Page MenuHomePhabricator

Rewrite ConstStructBuilder with a mechanism that can cope with splitting and updating constants.
ClosedPublic

Authored by rsmith on Jun 14 2019, 5:36 PM.

Details

Summary

This adds a ConstantBuilder class that deals with incrementally building
an aggregate constant, including support for overwriting
previously-emitted parts of the aggregate with new values.

This fixes a bunch of cases where we used to be unable to reduce a
DesignatedInitUpdateExpr down to an IR constant, and also lays some
groundwork for emission of class constants with [[no_unique_address]]
members.

Diff Detail

Repository
rL LLVM

Event Timeline

rsmith created this revision.Jun 14 2019, 5:36 PM
Herald added a project: Restricted Project. · View Herald TranscriptJun 14 2019, 5:36 PM

Isn't [[no_unique_address]] only significant for empty members? I'm not sure why they need significant support from constant-building, since they expand to no meaningful initializer.

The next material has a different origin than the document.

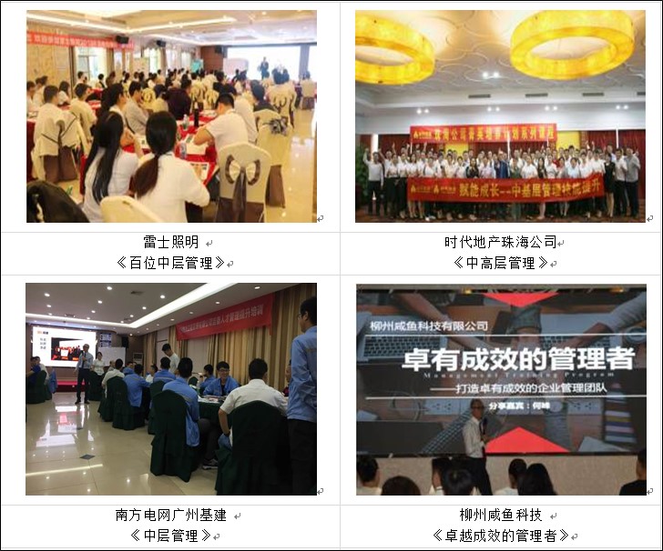 非常高興能夠邀請到何老師為我們公司一百位中層管理上管理技能提升的課程,效果非常不錯,很多多年經驗的老干部,都表示課程對自己的工作幫助非常大,老師講解很生動,課程全程都很投入的聽,非常棒!

We have some code we'll hopefully be upstreaming soon that relies on being able to do things with address-of-position placeholder values; I'm a little worried that the new structure here doesn't really support them.

Isn't [[no_unique_address]] only significant for empty members? I'm not sure why they need significant support from constant-building, since they expand to no meaningful initializer.

It also permits reuse of tail padding for non-static data members, which is the complexity that this patch is dealing with (in addition to improving and generalizing the support for non-trivial designated initializers).

We have some code we'll hopefully be upstreaming soon that relies on being able to do things with address-of-position placeholder values; I'm a little worried that the new structure here doesn't really support them.

Can you say a bit more about that? (Do you want to be able to emit a constant that denotes a pointer to somewhere else within the same constant being emitted, or something like that?) I think this approach should be strictly more general than what we had before, but perhaps that means it can't be extended in the direction you need?

Isn't [[no_unique_address]] only significant for empty members? I'm not sure why they need significant support from constant-building, since they expand to no meaningful initializer.

It also permits reuse of tail padding for non-static data members, which is the complexity that this patch is dealing with (in addition to improving and generalizing the support for non-trivial designated initializers).

I see.

We have some code we'll hopefully be upstreaming soon that relies on being able to do things with address-of-position placeholder values; I'm a little worried that the new structure here doesn't really support them.

Can you say a bit more about that? (Do you want to be able to emit a constant that denotes a pointer to somewhere else within the same constant being emitted, or something like that?) I think this approach should be strictly more general than what we had before, but perhaps that means it can't be extended in the direction you need?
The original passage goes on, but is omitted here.